В этом лихорадочном состоянии Абрахаму казалось, что он воспоминает свою мать, хотя прошло уже… сколько? Шесть десятков лет? Неужели шесть? Но не облик матери он вспоминал, а атмосферу, ту неизбывную любовь, которую излучала мать.
Однажды он проснулся и увидел Катрину такой, какая она есть — стареющую, но еще крепкую женщину, женщину, с которой можно поговорить о своих дурных снах; о жестяных банках фирмы «Фортнум и Мейзон», набитых окровавленным мясом и волосами, мерзких, отвратительно-липких банках , воняющих его собственной, абрахамовой плотью, поданной ему на стол, как в древние времена каннибализма: сын Абрахама Лихта, приготовленный для праздничной трапезы и расфасованный в пакеты, обернутые в гофрированную бумагу с бантиками. Катрина вроде слушала его и успокаивала, говорила, прижимая влажное полотенце к его пылающему лбу, что это всего лишь сон, а сны лучше забывать.

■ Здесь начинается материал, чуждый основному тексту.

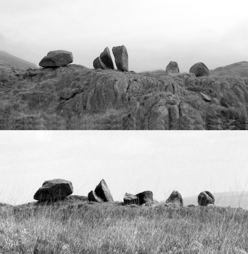 The Row. After having stood there for something like 10,000 years, the central stone of this little collection fell (or was it pushed?) sometime between my visits in 2015 and 2018 and is now broken in two.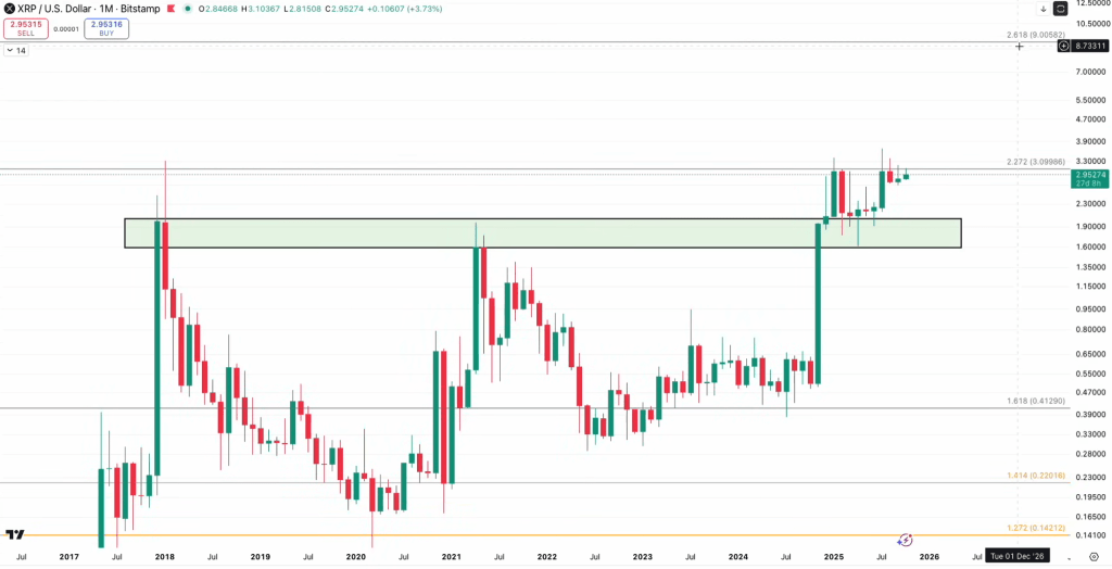 “瑞波币 仍在与 3.10 USD地区抗争……这是 2.272 斐波那契扩展水平……大家从未见过月线收盘价高于 309986 USD,”他说道,并指出相同的扩展网格“恰好是 2025 年的最高点”,而“低于 1.272 USD的扩展线则是 2025 年 4 月的最低点”。在他看来,这种汇合为下一个扩展目的提供了可信度:“下一个水平是 9 USD……所以本质上,这只不过时间问题。”

А Абрахам изливал перед Катриной потоки гнева на дочь, свою ангелоподобную дочь, чьего имени он и произносить больше не хочет, дочь, которая в конце концов предала его так же, как в свое время и ее мать: убежала с мужчиной, которого Абрахам Лихт почти не знал, и вышла замуж без благословения Абрахама Лихта, теперь девочка для него мертва, ее имя впредь запрещается даже произносить.
Катрина угрюмо повторяла, что и это всего лишь сон, а сны лучше забывать.
Все это глупости, их нужно забыть, ибо Прошлое всего лишь кладбище будущего, и Абрахаму Лихту там делать нечего.
IV
Итак, Катрина с помощью юной Эстер следила за тем, чтобы Абрахам ел, несмотря на отсутствие аппетита, и спал, несмотря на то что, по его словам, в голове у него такой бедлам, что заснуть невозможно и он не желает иметь ничего общего ни с Мюркирком, ни с большим миром за его пределами.